Return to p1 If completed, start point and end point direction feature extraction t in case of two or more strokes ends. After that, the process proceeds to step 8@ in FIG. 6 to perform directional feature matching of the starting point and ending point.

The ms and method for input characters are described in the above example @
However, other methods may be used.

Furthermore, in the above embodiment, characters are entered by directly tracing the keys provided on the handwriting input section 4 with the fingers, but by covering the handwriting input section 4 with a sheet, You may also write the characters with a pen.

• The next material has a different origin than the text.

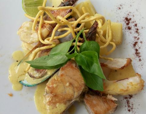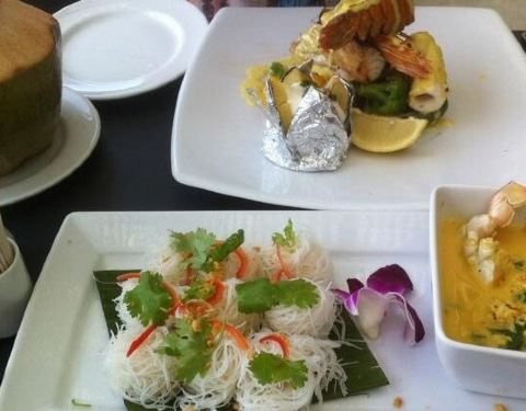 有点欧洲露天咖啡店的感觉,白色的装修,感觉很清凉。菜的味道都很好,青口洒了面包糠烤的很香,鲈鱼做得非常赞,有泰国风情,却又很符合国人口味,咖喱鱿鱼也很好吃。一定要点椰子冰沙,味道超正,纯纯的椰香又不会太甜。

Furthermore, in the above embodiment, keys used for ordinary calculations and keys for handwriting input are used, but it is of course possible to use keys exclusively for handwriting input.

As described above, according to the present invention, it is possible to input a large amount of data with a small number of keys, and there is no need to provide a separate input device for handwritten input, and it is possible to use ordinary numeric keys, function keys, etc. Since it is sufficient to use exactly the same key as the above, it is possible to achieve the effect at extremely low cost.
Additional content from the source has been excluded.